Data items
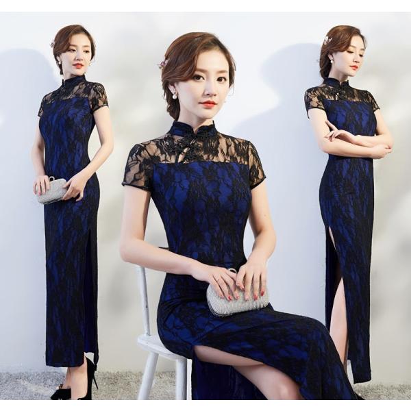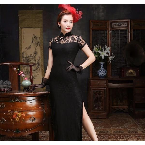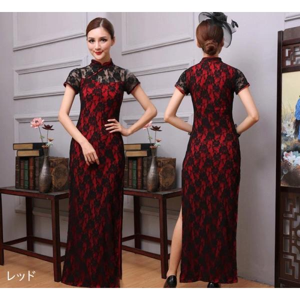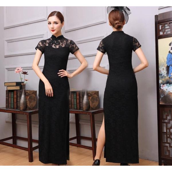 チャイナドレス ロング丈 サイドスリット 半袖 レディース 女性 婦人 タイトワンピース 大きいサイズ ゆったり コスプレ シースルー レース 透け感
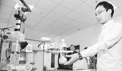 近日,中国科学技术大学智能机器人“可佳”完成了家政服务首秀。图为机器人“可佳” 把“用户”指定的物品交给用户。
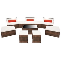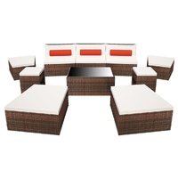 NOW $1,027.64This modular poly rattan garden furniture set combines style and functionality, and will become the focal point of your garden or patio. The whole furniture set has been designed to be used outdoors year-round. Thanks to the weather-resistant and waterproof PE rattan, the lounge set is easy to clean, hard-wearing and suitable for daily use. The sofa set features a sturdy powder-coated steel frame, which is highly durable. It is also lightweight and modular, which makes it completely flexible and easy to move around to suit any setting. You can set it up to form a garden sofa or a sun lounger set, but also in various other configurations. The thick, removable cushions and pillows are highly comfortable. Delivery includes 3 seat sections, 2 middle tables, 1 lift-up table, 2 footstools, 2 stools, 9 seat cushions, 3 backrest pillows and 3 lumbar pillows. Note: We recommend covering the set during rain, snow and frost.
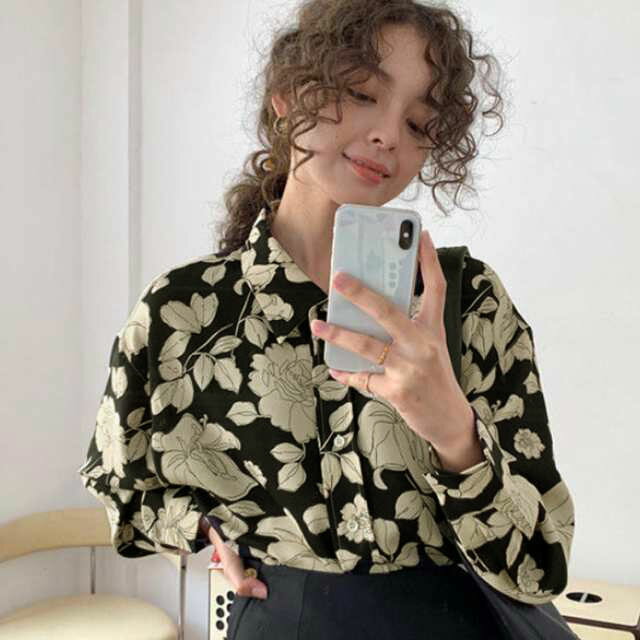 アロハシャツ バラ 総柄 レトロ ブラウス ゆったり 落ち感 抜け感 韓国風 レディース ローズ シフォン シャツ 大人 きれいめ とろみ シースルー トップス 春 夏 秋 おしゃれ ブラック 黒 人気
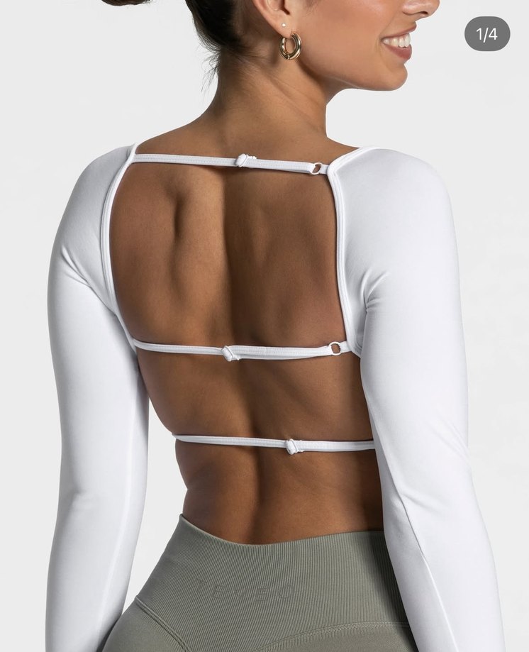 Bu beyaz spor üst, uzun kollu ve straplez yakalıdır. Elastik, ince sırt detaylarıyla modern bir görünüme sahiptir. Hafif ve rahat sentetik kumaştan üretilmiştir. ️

Exercise description ::
Repeat the records in full, exactly as they appear, without the pictures.

Answer section ::
 チャイナドレス ロング丈 サイドスリット 半袖 レディース 女性 婦人 タイトワンピース 大きいサイズ ゆったり コスプレ シースルー レース 透け感
 近日,中国科学技术大学智能机器人“可佳”完成了家政服务首秀。图为机器人“可佳” 把“用户”指定的物品交给用户。
 NOW $1,027.64This modular poly rattan garden furniture set combines style and functionality, and will become the focal point of your garden or patio. The whole furniture set has been designed to be used outdoors year-round. Thanks to the weather-resistant and waterproof PE rattan, the lounge set is easy to clean, hard-wearing and suitable for daily use. The sofa set features a sturdy powder-coated steel frame, which is highly durable. It is also lightweight and modular, which makes it completely flexible and easy to move around to suit any setting. You can set it up to form a garden sofa or a sun lounger set, but also in various other configurations. The thick, removable cushions and pillows are highly comfortable. Delivery includes 3 seat sections, 2 middle tables, 1 lift-up table, 2 footstools, 2 stools, 9 seat cushions, 3 backrest pillows and 3 lumbar pillows. Note: We recommend covering the set during rain, snow and frost.
 アロハシャツ バラ 総柄 レトロ ブラウス ゆったり 落ち感 抜け感 韓国風 レディース ローズ シフォン シャツ 大人 きれいめ とろみ シースルー トップス 春 夏 秋 おしゃれ ブラック 黒 人気
 Bu beyaz spor üst, uzun kollu ve straplez yakalıdır. Elastik, ince sırt detaylarıyla modern bir görünüme sahiptir. Hafif ve rahat sentetik kumaştan üretilmiştir. ️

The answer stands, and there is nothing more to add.